Title:VaxiJen Dataset of Bacterial Immunogens: An Update
VOLUME: 15 ISSUE: 5
Author(s):Nevena Zaharieva, Ivawn Dimitrov, Darren R. Flower and Irini Doytchinova*
Affiliation:Faculty of Pharmacy, Medical University of Sofia, Sofia, Faculty of Pharmacy, Medical University of Sofia, Sofia, School of Life and Health Sciences, Aston University, Birmingham, Faculty of Pharmacy, Medical University of Sofia, Sofia
Keywords:Immunogenicity prediction, dataset, bacterial immunogen, VaxiJen, FASTA, epitopes.
Abstract:Background: Identifying immunogenic proteins is the first stage in vaccine design and development.

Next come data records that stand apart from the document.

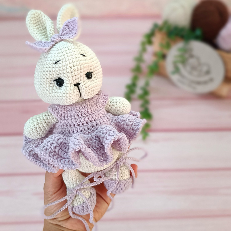 عروسک بافتنی خرگوش بافته شده با کاموای ترک بدون پرزدهی و ضدحساسیت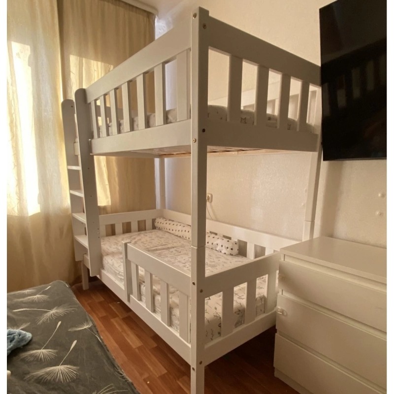 Красивая двухъярусная кровать из массива сосны - экологически чистого материала. Оснащена стационарным бортиком, который при необходимости можно снять и использовать кровать без него или переместить его на другую строно. Ограждения выполнены в виде вертикальных, высоких реек, что придает двухъярусной кровати неревзайденный види делает ее абсолютно безопасной.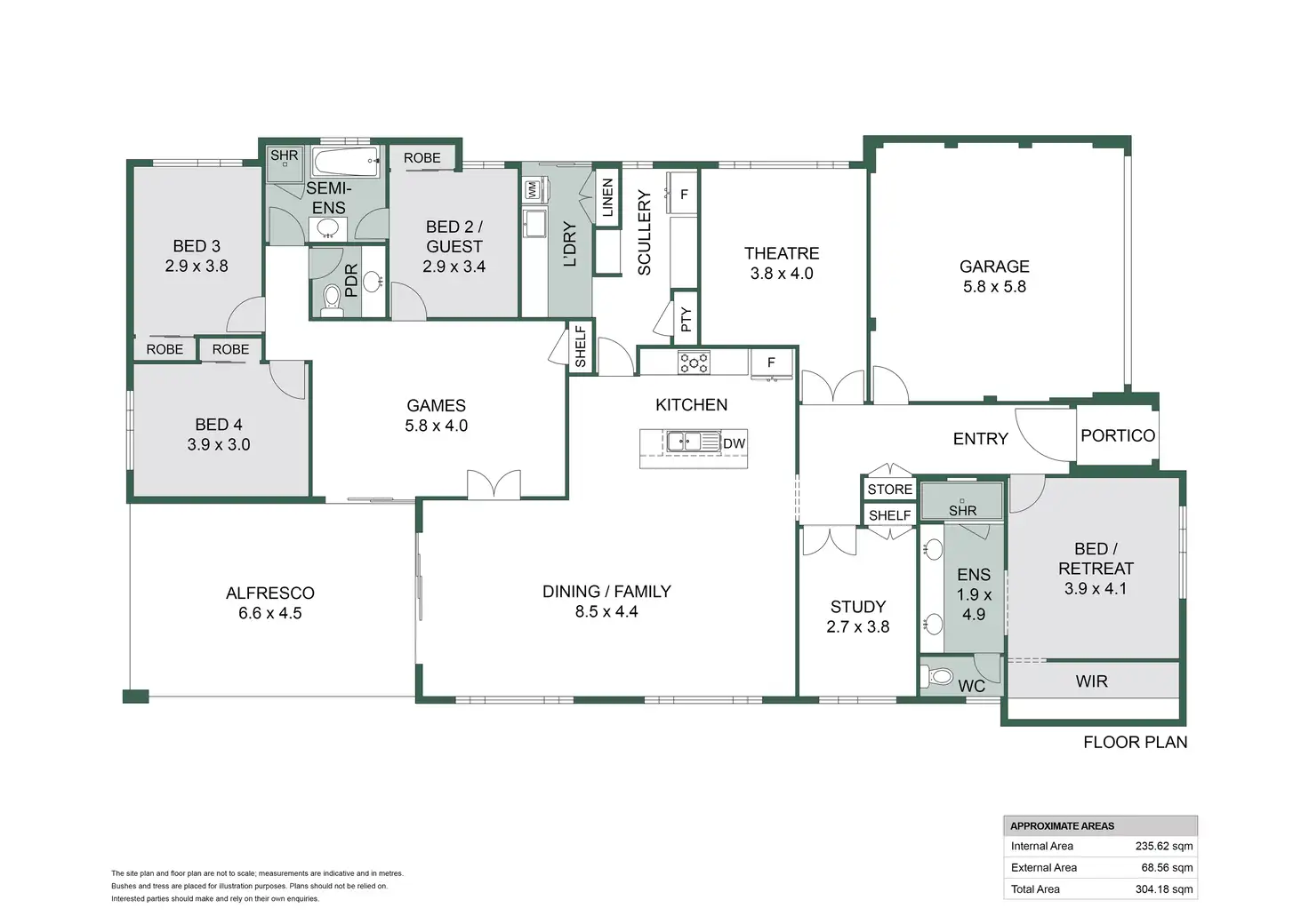 The additional bedrooms are generously proportioned, each equipped with double sliding robes to ensure ample storage. A dedicated study provides a quiet workspace, while the separate theatre room and a versatile children's activity/games area offer endless possibilities for family enjoyment.

VaxiJen is the most widely used and highly cited server for immunogenicity prediction. As the developers
of VaxiJen, we are obliged to update and improve it regularly. Here, we present an updated dataset
of bacterial immunogens containing 317 experimentally proven immunogenic proteins of bacterial origin,
of which 60% have been reported during the last 10 years.
Methods: PubMed was searched for papers containing data for novel immunogenic proteins tested on humans
till March 2017. Corresponding protein sequences were collected from NCBI and UniProtKB. The
set was curated manually for multiple protein fragments, isoforms, and duplicates.
Results: The final curated dataset consists of 306 immunogenic proteins tested on humans derived from 47
bacterial microorganisms. Certain proteins have several isoforms. All were considered, and the total protein sequences
in the set are 317. The updated set contains 206 new immunogens, compared to the previous VaxiJen
bacterial dataset. The average number of immunogens per species is 6.7. The set also contains 12 fusion proteins
and 41 peptide fragments and epitopes. The dataset includes the names of bacterial microorganisms, protein
names, and protein sequences in FASTA format.
Conclusion: Currently, the updated VaxiJen bacterial dataset is the best known manually-curated compilation
of bacterial immunogens. It is freely available at http://www.ddg-pharmfac.net/vaxi
jen/dataset. It can easily be downloaded, searched, and processed. When combined with an appropriate
negative dataset, this update could also serve as a training set, allowing enhanced prediction of the potential
immunogenicity of unknown protein sequences.